Here's the question that I came across today: There are 10 men and 12 women in a group. A committee of 5 people from the group is to be chosen. How many committees containing least two women are possible? I managed to get the correct answer to the question by computing $C^{22}_{5} - C^{10}_{5} - 12C^{10}_{4}$.

However, why does $C^{12}_{2} \times C^{20}_{3}$ not give the same result? Since the first part of the product covers the number of ways of choosing two women, and the second part gives all the possible ways of choosing the remaining members of the committee.


You would be over-counting common results due to order of selection being unimportant as there are no privileged positions.

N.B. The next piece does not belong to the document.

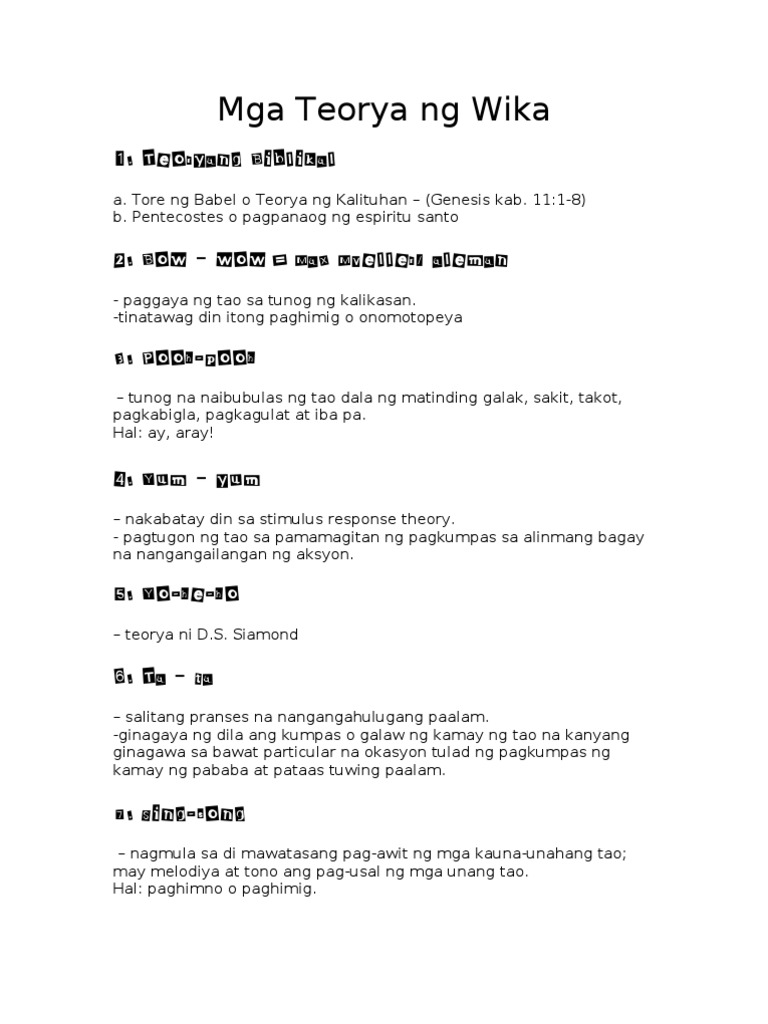 Ngunit maraming mga hayop ang gumagawa ng mga ganitong uri ng tunog din at hindi sila napunta sa wika. Ang wika ay nanggaling mula sa tunog na nalilikha ng mga bagay na nakapaligid sa atin TararaboomTararaboom-deay Ang. Nailalahad sa pamamagitan ng pagpapaliwanag ang bawat teorya ng wika.

$^{12}C_2\,^{20}C_3$ counts the ways to select two women as heads of the committee and 3 of the remaining members as the rest of the committee. However, you don't want those two women to hold special positions from any other, we mustn't select from the women twice.

Instead, your answer, via complements, is correct.   You have counted the ways not to form a committee with less than two women.   That is indeed: $~{^{22}C_5} - {^{10}C_5}-12{^{10}C_4}$

Consider a simpler example of having to select a committee of three people with at least two women, from three women ($\rm A,B,C$) and one man ($\rm X$).

${^3C_2}\;{^2C_1}= 6$ would count ways to select two from three women then one from the two remaining.   That is: $\rm \{A,B,C\}, \{A,B,X\}, \{A,C,B\}, \{A,C,X\}, \{B,C,A\}, \{B,C,X\}$. Opps; several sets are just reordered, but order is not important; there are no privileged positions.

We should instead count ${^3C_2}\cdot 1 +{^3C_3} = 4$; ways select two women and one man, or select three women.   That is: $\rm \{A,B,X\}, \{A,C,X\}, \{B,C,X\}, \{A,B,C\}$ Okay!   Every distinct set is counted just once each.